Case Study: The Nigerian 419 Fraud

The 419 fraud is a scam on an industrial scale. It’s initiated simply by writing to names taken from the public record. It originated in Nigeria and gets its name from a section of criminal statute. The structure is always the same. The writer is a bureaucrat in an organization such as a central bank or UN agency. Due to a coup or war (the details don’t matter) a large fund of cash, typically $30,000,000 or more, lies forgotten in a blocked account. The writer – who in a nice touch tells you he has heard you are a ‘trustworthy person’ – together with his confederates controls access to the blocked account. He needs the cooperation of a foreign party, which will allow him to create the paperwork to send the money overseas.

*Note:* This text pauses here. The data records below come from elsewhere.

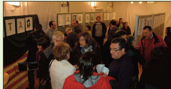
Inauguración en Alcorisa el 13 de abril

Se va cumpliendo así uno de los principales objetivos de este proyecto: que llegue a mucha gente, a muchos lugares, que la creación y la imaginación sobrevuelen nuestro territorio, y que el mensaje del Canto a la libertad resuene y se haga oír.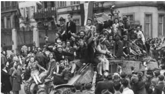
De bevrijding van Brussel op 3 september 1944.

Een woord van waarschuwing is misschien hier nog op zijn plaats. Hoewel op het ogenblik Brussel en vermoedelijk Antwerpen ook al bevrijd zijn, bevinden zich hier en daar nog Duitse elementen die niet op tijd de benen hebben kunnen nemen en derhalve hebben besloten het uit te vechten. Dat zijn voornamelijk de SS-eenheden, die trouwens wel weten wat hun te wachten staat als ze zich aan de bevolking overgeven in afwachting van de geallieerde troepen.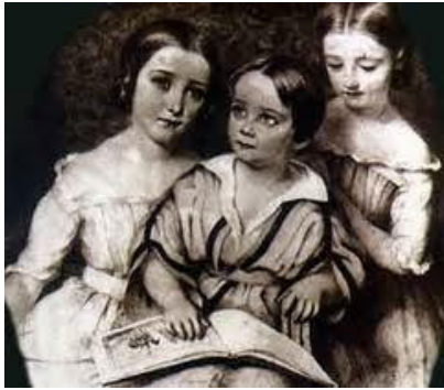
Blandine, Daniel y Cosima, hijos de Liszt

Blandine, Daniel et Cosima Liszt in Memoriam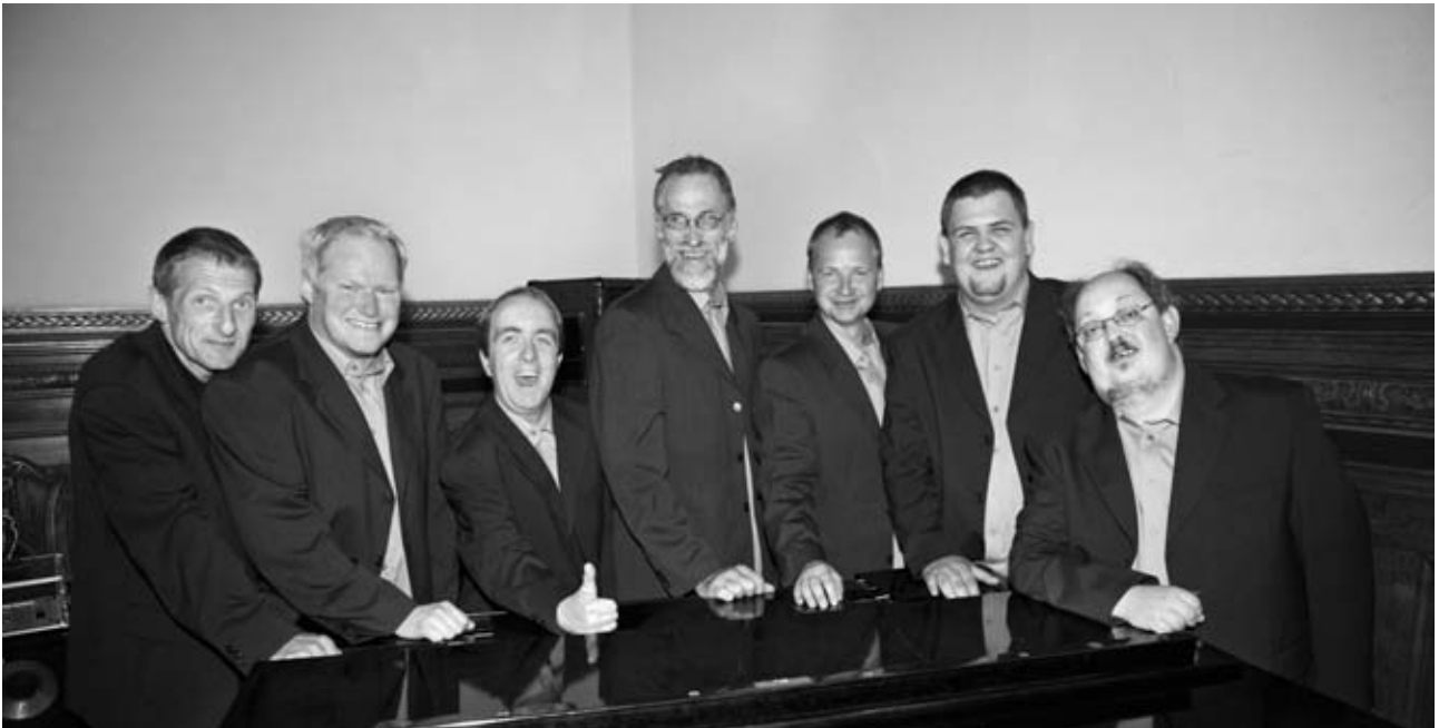
Sidste års opmuntringsprismodtager Karavana Band fra Århus var med til at gøre jubilæumsdagen ekstra festlig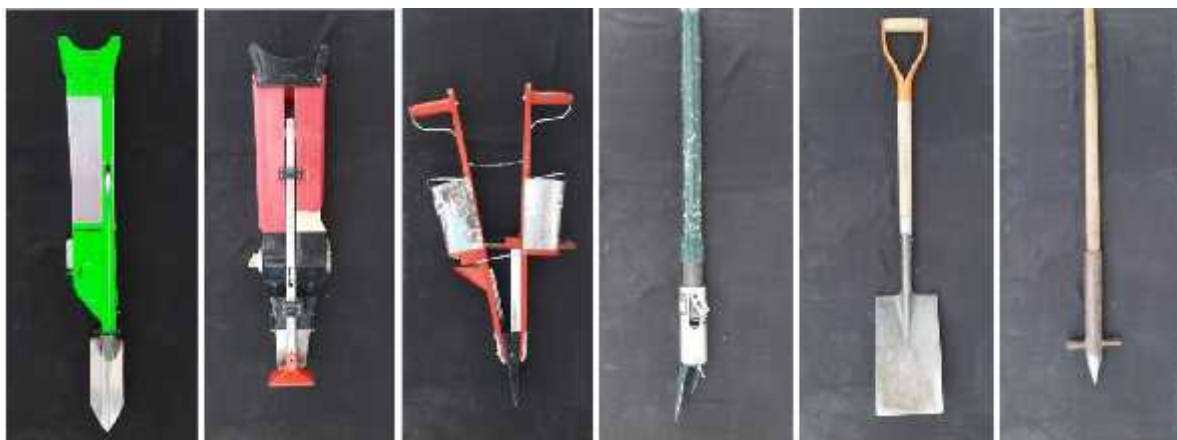
Figura 1. Herramientas manuales utilizadas en la evaluación agrotécnica: Yufeng, Boshima, Fitarelli, GreenSeeder, Pala y Espeque (izquierda a derecha).

La herramienta marca Yufeng de origen chino, fabricada en material de plástico en su mayoría cuenta únicamente con un depósito para semillas. El dosificador es de rodillo con una serie de orificios en su periferia. La punta está formada por un compartimento de precarga y una pala de 25 cm de largo encargada de hacer el orificio en el suelo. Su dosificador se acciona con el movimiento de empuje vertical hacia el suelo.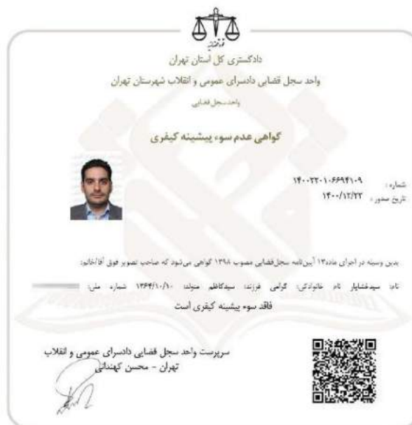
شکل ۱-۱ تصویر گواهی عدم سوء پیشینه رئیس هیات مدیره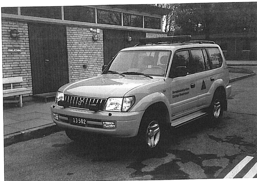
STP Odense. Toyota Landcruiser GX90 til fremførsel af påhængsvogne

I 2003 blev støttepunktsberedskaberne i Fredericia, Kalundborg, Århus og Esbjerg udvidet med en svær redningsvogn i stil med Odenses, men denne gang på IVECO 120E18 Tector-chassis, idet IVECO på daværende tidspunkt havde en rammeaftale med Beredskabsstyrelsen om levering af lastvognschassis i klassen under 16 tons.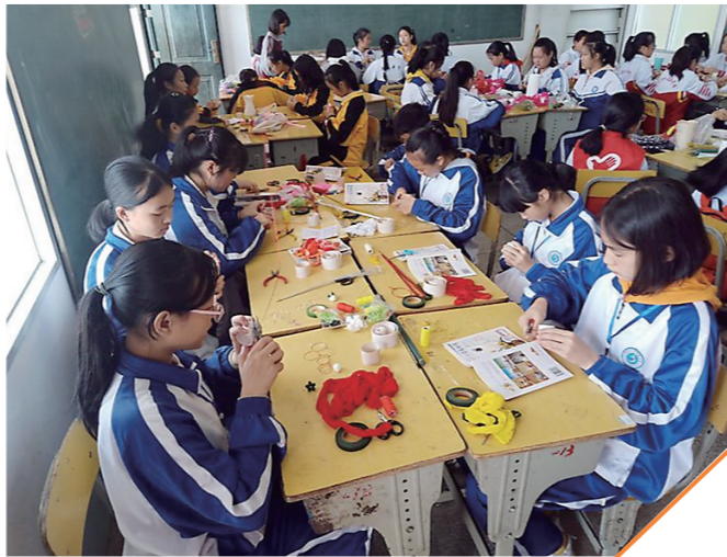
体育路中学第十四届校园科技节活动现场。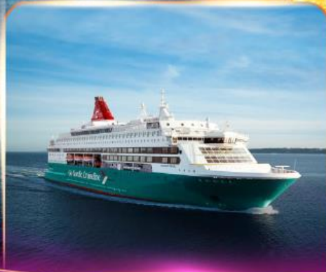
เรือสำราญ GO NORDIC CRUISE LINE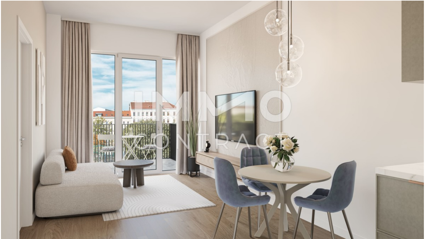
Top 1.36 Wohn-Essbereich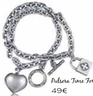
Pulsera Time Force 49€

¡Vuelve lo clásico! Básicos que puedes llevar una y otra vez combinándolos sin que parezca que repites look. Puntos, tejidos naturales y salvajes con complementos dorados inundarán tu armario. ¡Todo muy urban!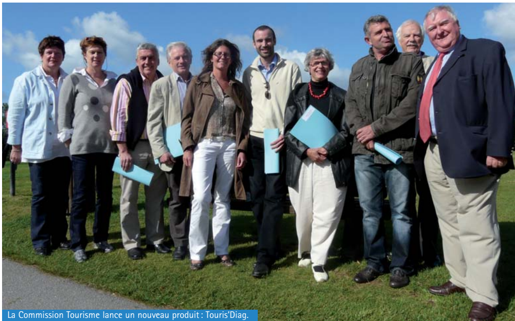
La Commission Tourisme lance un nouveau produit: Touris'Diag.

75 % des touristes utilisent Internet pour préparer leur voyage!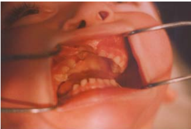
Рис. 6. Стан альвеолярного паростка через рік після перенесеної операції ураноостеопластики.

Схожа клінічна ситуація спостерігалася і в ділянці альвеолярного паростка. У хворих, яким була проведена ураноальвеолоостеопластика, деформація альвеолярного паростка була практично відсутня. Загоєння рани у всіх випадках проходило первинним натягом, у жодному випадку не було виявлено ніяких ускладнень. Альвеолярний паросток був безперервним, пересінок сформованим, вільним, в ділянці рани виявлявся ніжний рубець (рис. 6). Завдяки цьому формувалися добрі умови базису для крила носа та розвитку верхньої губи, а тому віддалені косметичні та функціональні наслідки були значно кращими та стабільними.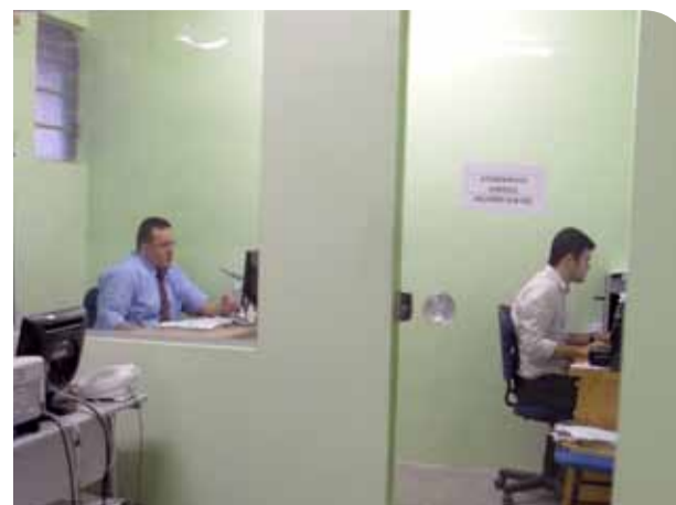
Atendimento jurídico diário na sede do SINTUFCE.

The loot will be split 60% for the writer and his associates, 30% for you and 10% for expenses (these proportions seem to be fixed in stone). Please send the writer your overseas bank account details. So that’s the deal: $10,000,000 for the use of your bank account and no need to get out of your chair. But of course, you’re not going to allow this stranger into an account full of your own money, which he can strip. No, Sir! You’ll set up an empty account for the purpose. However getting at your bank account isn’t the main aim of the scam. If you take up the offer you’ll soon find yourself flying to Nigeria (or wherever) and you’ll be taken to the bank or the agency and you’ll meet the officials, and everything will look as it should. Except that this is Nigeria – you understand – and a small bribe here and there and the payment of a fee or tax is necessary in order to square someone who is out of the loop or to lay hold of a stamped piece of paper. Of course these payments go to third parties, so you are told, and not to your newly acquired friends, who share your frustrations at the slow pace. And so it goes on. The victim is bled of bribes and fees until he realizes that this transaction is never going to go through. At which point he gives up, goes home, and in some cases wastes even more money on lawyers’ fees suing the Bank of Nigeria. I used to wonder who fell for the 419 scam, until I learned that a Scottish crook of my acquaintance had been taken for $100,000. This made me wonder about the people I sometimes drink with.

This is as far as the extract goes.